Phillip Coorey April 03, 2012
Illustration: Cathy Wilcox
THE United States Ambassador to Australia, Jeffrey Bleich, has diplomatically declined to take sides in the running joke between Julia Gillard and Barack Obama about who has had to overcome more to get to where they are.
At a private function last week, Ms Gillard regaled the audience with a joke she and the President sometimes share when they discuss various prejudices they experience.
''I tell him, 'You think it's tough being African-American? Try being me','' Ms Gillard recounted. ''Try being an atheist, childless, single woman as prime minister.''
Yesterday Mr Bleich said: ''I don't make those sort of comparisons. It sounds like '[Is] the rock as heavy as the rope is long?' So I'll just leave it at that."
Speaking at the fundraiser in Sydney on Thursday night, there was an edge to Ms Gillard's use of the anecdote. It was part of a defiant speech in which she urged people not to give up on her government, despite its poor standing in the polls and the recent wipeout in Queensland.
Ms Gillard said it had been ''impossible to explain'' how she had become prime minister, won the last election, formed a minority government with conservative independents and ushered through such reforms as the price on carbon. She argued that because conventional political wisdom had not applied so far, it should not be used to predict the future.
The Trade Minister, Craig Emerson, backed Ms Gillard yesterday
He acknowledged that her being unmarried, childless and an atheist was a negative ''in the eyes of some voters'', especially those of strong Christian belief.
Dr Emerson said that in the end voters would ''reward leadership which has an eye to the future rather than an eye to the opinion polls''.

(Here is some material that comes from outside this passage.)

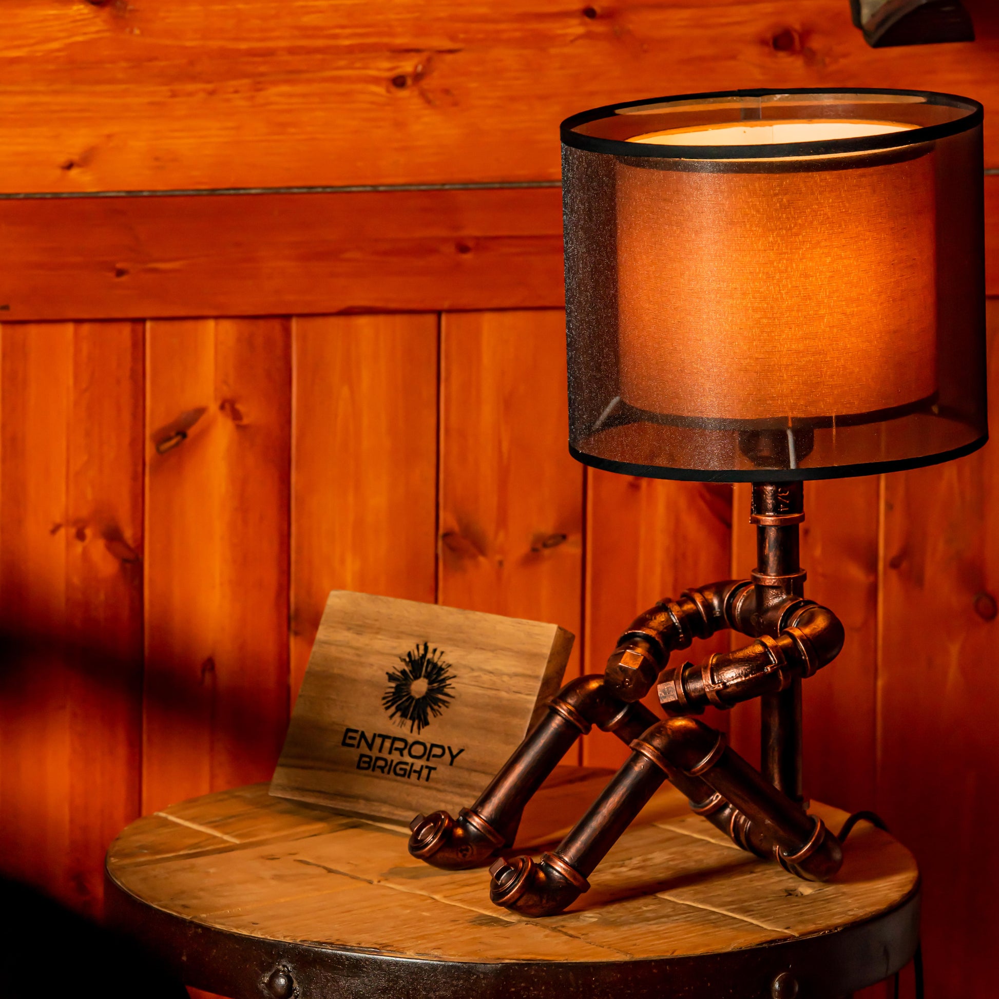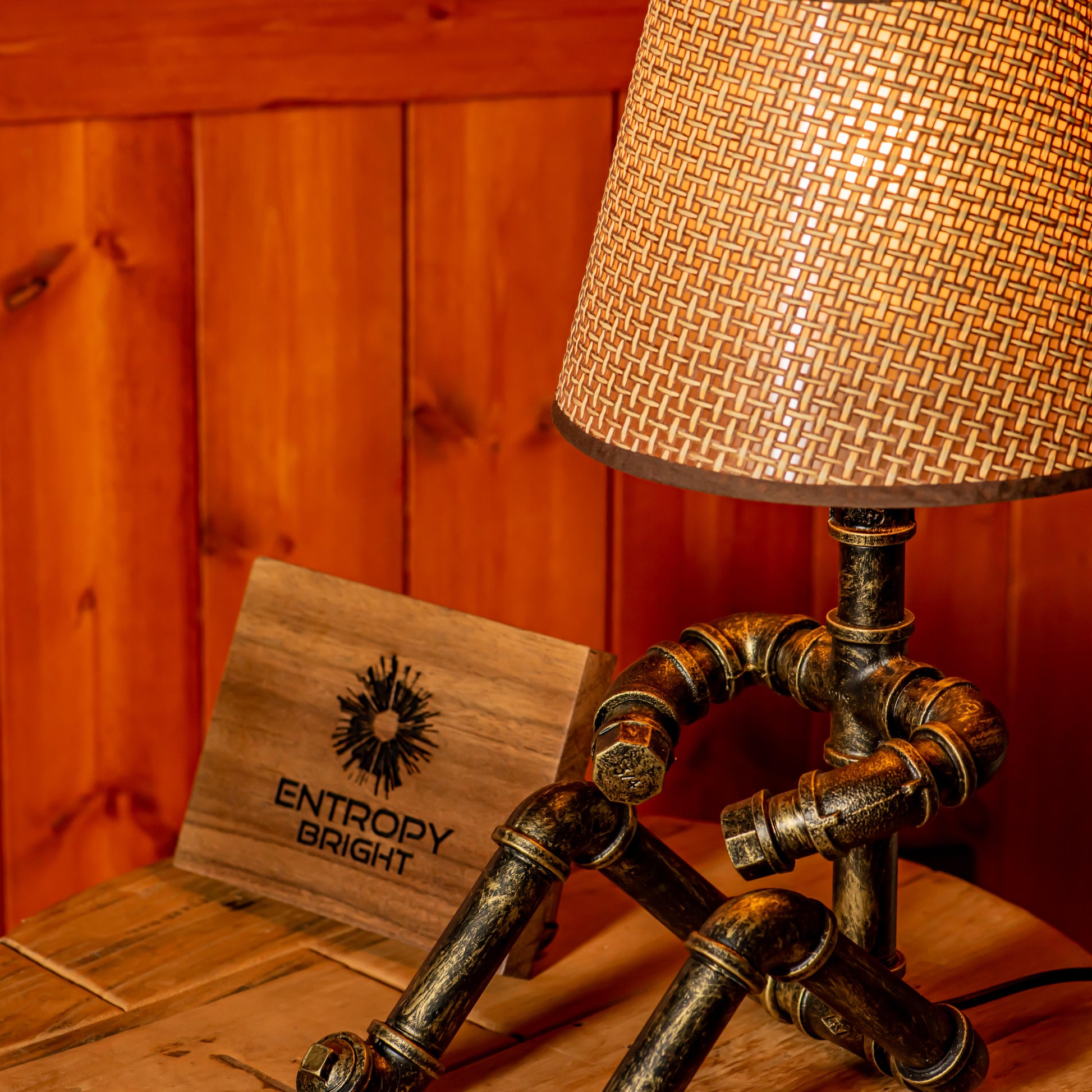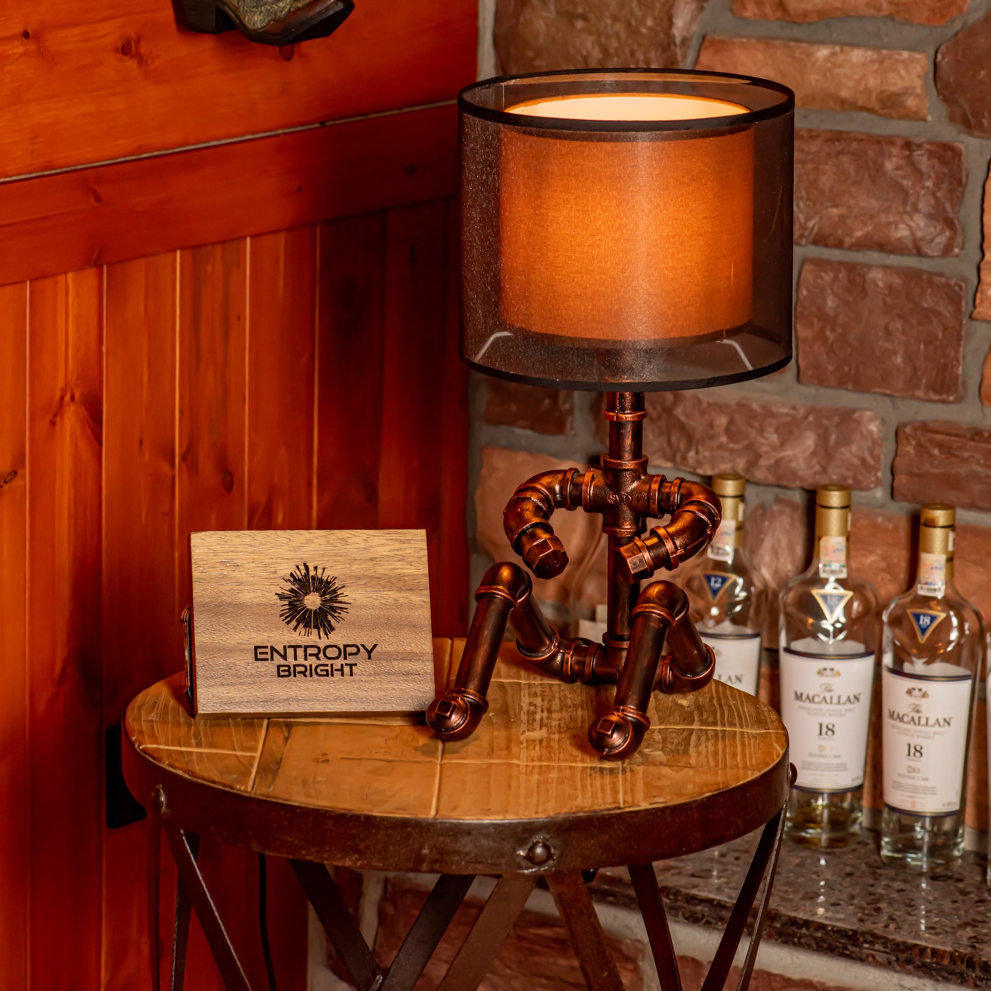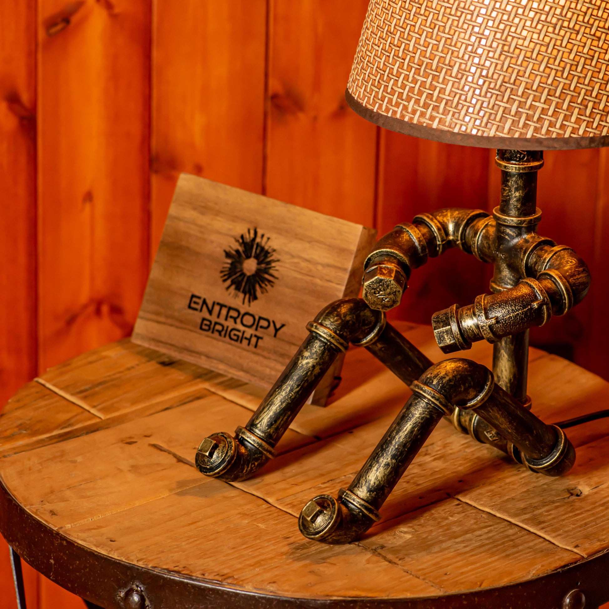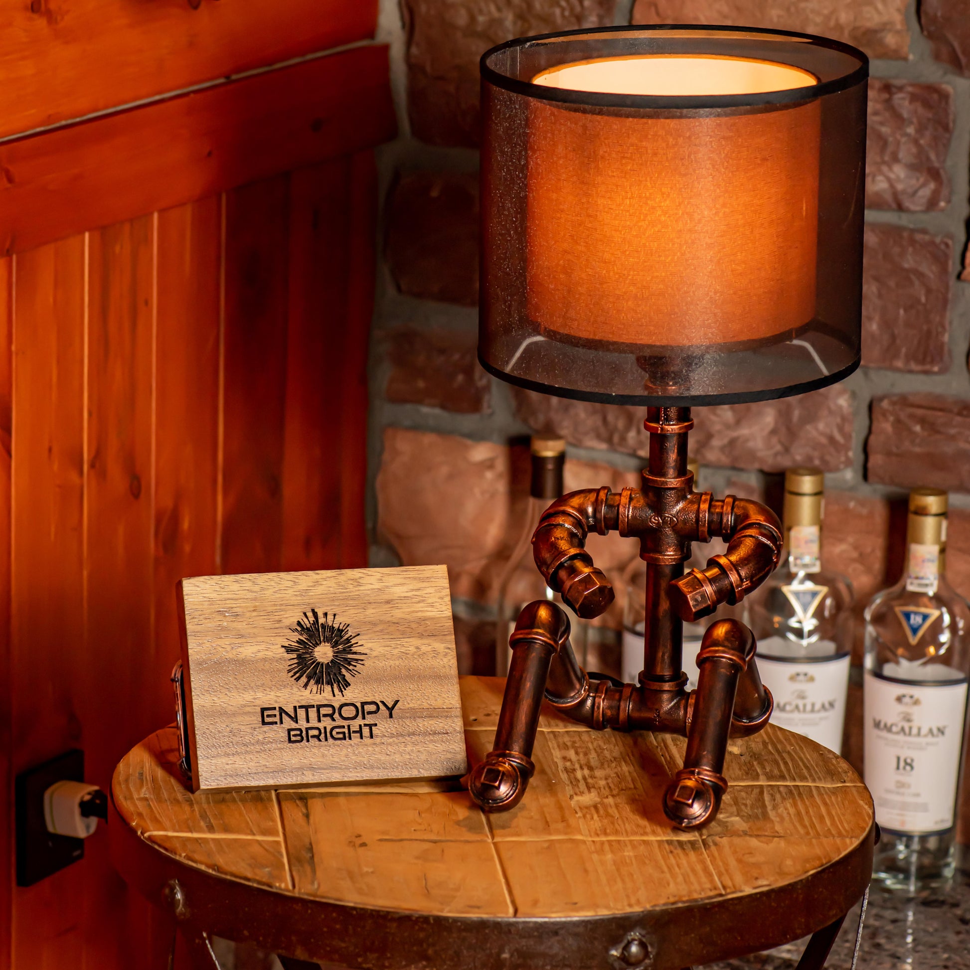 Constructed from 1/2" malleable cast iron pipes, this robot-style table lamp captures the essence of steampunk design. Its exposed hardware and antique finish lend it a rugged charm, ideal for adding personality to eclectic or industrial-themed spaces.

''What they don't respect is somebody who rolls out of bed every Monday or Tuesday, checks the opinion polls - like the weather vane that Tony Abbott has described himself as - and then changes their position.''
The fundraising dinner was attended by cabinet ministers. The Minister for Employment, Bill Shorten, was the master of ceremonies and the Treasurer, Wayne Swan, introduced Ms Gillard.